According to official figures, UK manufacturing is continuing to lead the recovery effort in June, despite an unplanned fall in industrial production. The Office for National Statistics (ONS) reports manufacturing output increased 0.3 per cent in June, paralleling May’s rise. Also, early shutdowns for maintenance in the North Sea led to a 0.5 per cent reduction in output. With shutdowns of any type in manufacturing, GDP for the country has a small hint of a stall in growth, which ultimately negatively affects overall growth, even if just a minimal amount.
Despite the recent let down in industrial production from May to June, the ONS will maintain its second quarter growth forecasts. Economists were baffled at the ONS’s first estimate for the second quarter, which reported at double their forecasts (1.1 per cent).

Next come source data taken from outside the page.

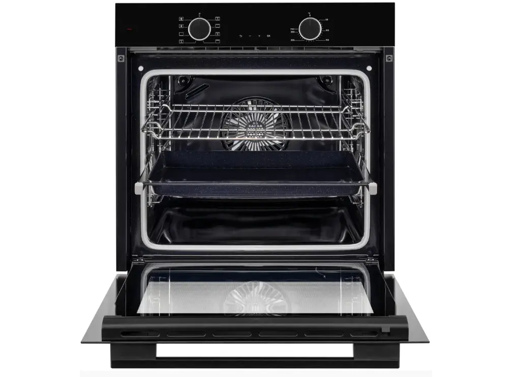 ჩასაშენებელი ღუმელი Kuppersberg HF 608 B იდეალურად აერთიანებს თანამედროვე ტექნოლოგიას, დახვეწილ დიზაინსა და მაღალ ფუნქციონალურობას. მოწყობილობას აქვს 56 ლიტრიანი ტევადობა და მრავალფუნქციური ცხობის 9 რეჟიმი, რაც შესაძლებელს ხდის სხვადასხვა ტიპის კერძის თანაბრად და ეფექტურად მომზადებას. შავი მინას და უჟანგავი ფოლადის დეტალებს სოლიდური და ელეგანტური იერი აქვს. ღუმელი აღჭურვილია მექანიკური ტაიმერით, LED განათებით და ორმაგი მინის კარით, რაც უზრუნველყოფს როგორც მარტივ გამოყენებას, ისე უსაფრთხოებას. ენერგოეფექტურობის A კლასი კი დაზოგავს ელექტროენერგიას და გრძელვადიან ეკონომიას უზრუნველყოფს. იდეალურია თანამედროვე სტილის სამზარეულოსთვის.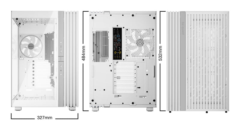 Light Base 900 FX White comes with 4 pre-installed Light Wings fans. One fan is installed as rear exhaust, 3 Light Wings 140mm PWM White fans with reversed fan blades are pre-installed on the side mounting. The reverse fans make sure your system is still an eye-catcher when installed as a side intake. Their 7 airflow-optimized fan blades not only reduce noise-generating turbulences but also ensure that this fan provides the performance that is needed, even in demanding configurations.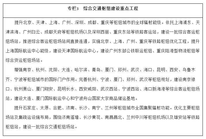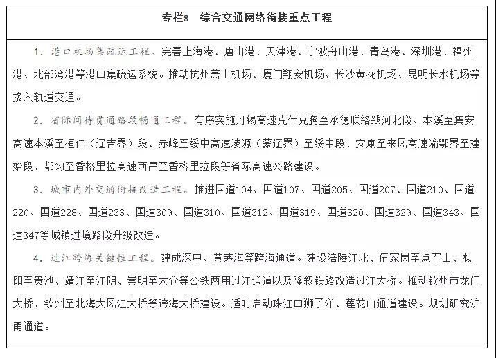 加快解決制約人民美好出行、貨物高效流通的瓶頸,強(qiáng)化綜合交通網(wǎng)絡(luò)有機(jī)銜接。打通公路省際待貫通路段,加強(qiáng)干線公路與城市道路有效銜接,推進(jìn)城鎮(zhèn)密集地區(qū)干線公路過境段、進(jìn)出城瓶頸路段升級(jí)改造。加強(qiáng)樞紐機(jī)場與軌道交通高效銜接,使換乘更加便捷。強(qiáng)化進(jìn)港區(qū)、進(jìn)園區(qū)、進(jìn)廠區(qū)、進(jìn)規(guī)?;r(nóng)產(chǎn)品基地等集疏運(yùn)設(shè)施建設(shè),加快推動(dòng)鐵路進(jìn)港口重點(diǎn)港區(qū)和大型工礦企業(yè)、物流園區(qū)、重點(diǎn)物資儲(chǔ)備庫。統(tǒng)籌考慮資源高效利用、生態(tài)環(huán)境保護(hù)和防洪航運(yùn)安全,有序建設(shè)各種運(yùn)輸方式共享通道資源的過江跨海通道。推動(dòng)超大特大城市的大型綜合客運(yùn)樞紐間通過軌道交通互連。加快實(shí)現(xiàn)聯(lián)系緊密的綜合貨運(yùn)樞紐間通過聯(lián)絡(luò)線或?qū)S猛ǖ阑ミB。
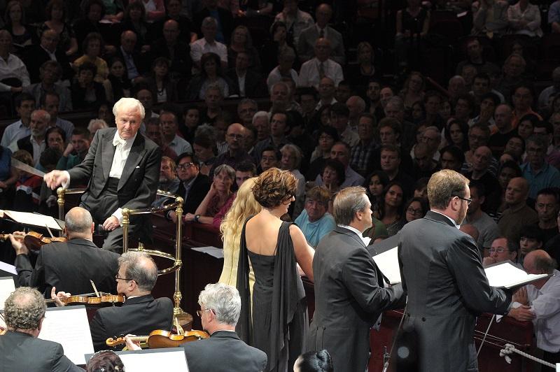 A few words of reflection on the extraordinary career of one of our most prized musical exports, a man who in his own words graduated from something of a firebrand into a wise man so mellow and softly spoken that merely the sound of his voice was strangely therapeutic. I remember in one of my first interviews with the great man my trendy voice-activated micro-cassette machine kept shutting off because it was convinced he had stopped talking. He suggested that it had a low boredom threshold. (Pictured above, Sir Colin Davis with members of the Gustav Mahler Jugendorchester at the BBC Proms; below, conducting the Missa Solemnis in the same season. All colour images on this page by Chris Christodoulou.)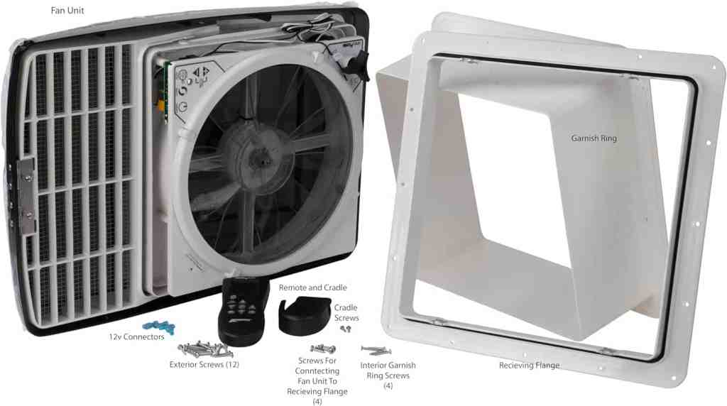- MODEL 1200 – This lightweight, compact, and durable vent fan seals tight when not in use. Powerful 12 in, 10-blade fan quickly moves air in and out of cabin.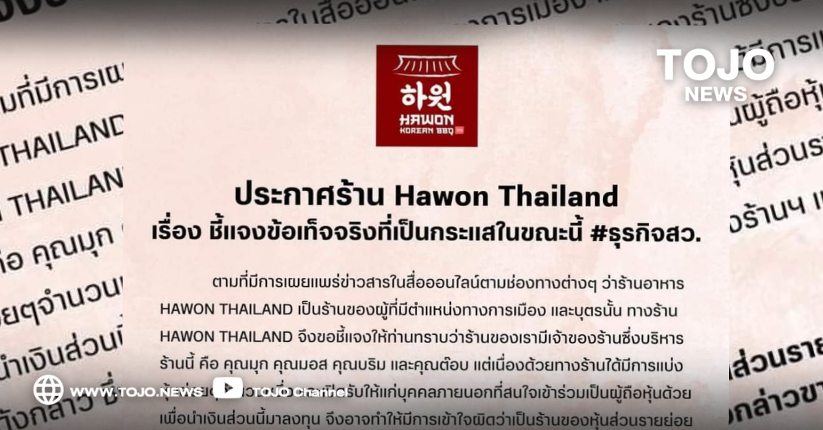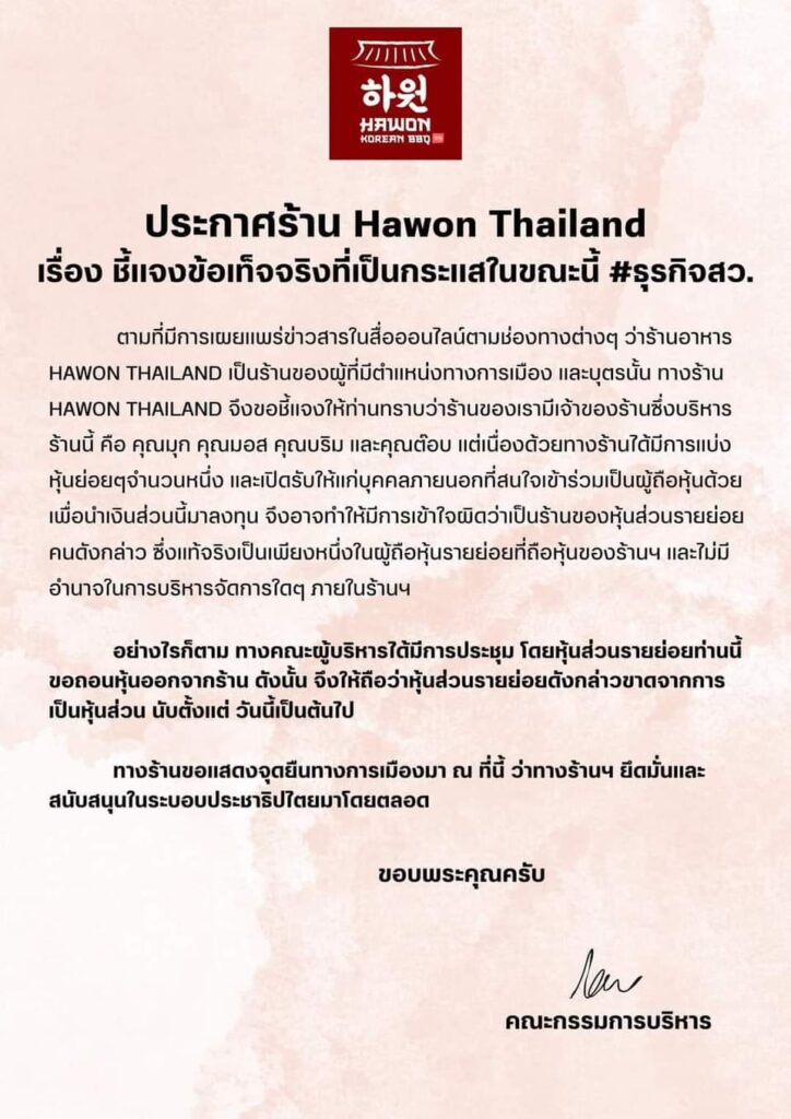 ผู้สื่อข่าวโตโจ้นิวส์รายงานว่า เพจ Hawon Thailand–ฮาวอน ร้านปิ้งย่างเกาหลีชื่อดัง ย่านเหม่งจ๋าย ออกประกาศหลังแฮซแท็ก ธุรกิจสว ที่ประชาชนเปิดวาร์ปกิจการลูกหลาน ส.ว. ที่โหวต “งดออกเสียง” นายพิธา ลิ้มเจริญรัตน์ ในการลงมติเลือกนายกฯ โดยพบว่า มีลูกชาย ส.ว. รายหนึ่งหุ้นทำธุรกิจร้านอาหารเกาหลี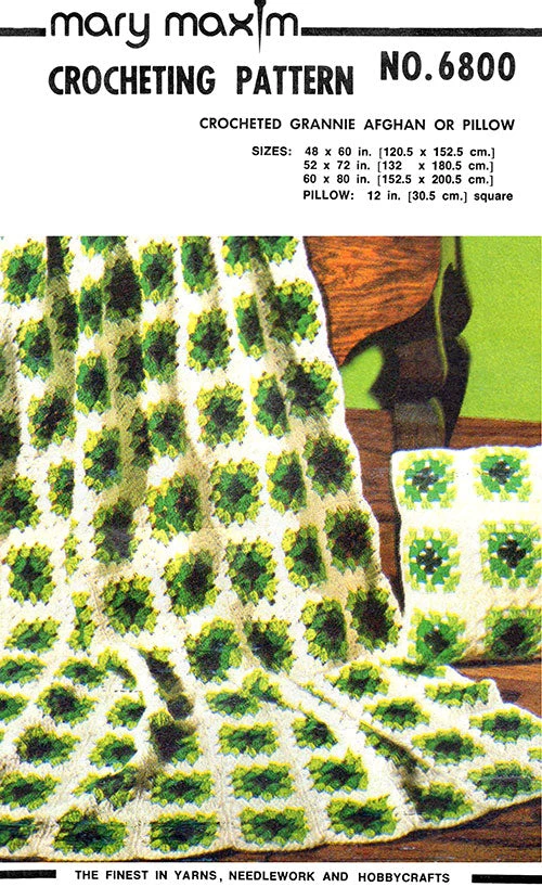 Crochet a classic afghan and pillow set using this vintage pattern. A traditional favorite with young and old. It’s so easy and fast to crochet the separate Mellowspun granny squares you sew together to finish. Originally created with Mary Maxim Mellowspun Orlon, which had 420 yards per skein. You will find Mary Maxim Mellowspun and all the current sport weight yarn selections, here. Please note, yardages may have changed.
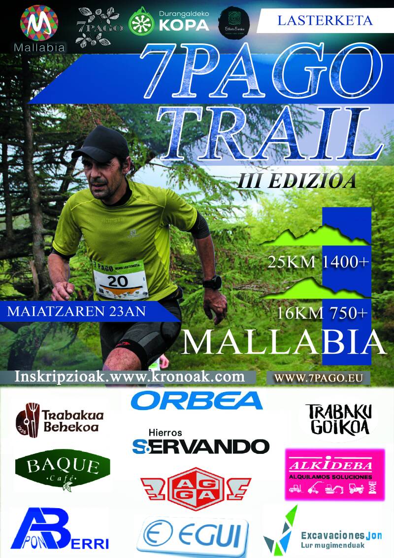 La carrera de montaña de Zazpi Pago. Será organizado por la asociación del mismo nombre, por tercera vez, para el 23 de mayo. Habrá dos recorridos a elegir: 25 kilómetros y 16 kilómetros cada uno, con desniveles positivos de 1.400 y 750 metros, respectivamente. Las inscripciones estarán pronto en marcha, en la plataforma Kronoak.

The ONS said the estimate would remain the same compared to the data and further added, maintenance resulted in a 6 per cent drop in oil and gas output.
Although most other sectors are climbing hard to get out of recovery mode, car production and ship building are both on the rise in terms of output. They are ahead 22 and 41 per cent, respectively. Manufacturing output overall is still down 10 per cent from the 2007 high.
“The suspicion going forward is that manufacturing will lose momentum. There are hints that the second quarter may have been the peak of manufacturing activity,” said Howard Archer, chief economist at IHS Global Insight.
Alan Clarke, economist at BNP Paribas added: “The burden of rising imported inflation that the economy has endured over the last 18 months or so is showing signs of reversing.”
Also on Friday, sterling fell half a cent versus the dollar early in the day, before recovering to close at $1.598 on the news of weak US jobs data.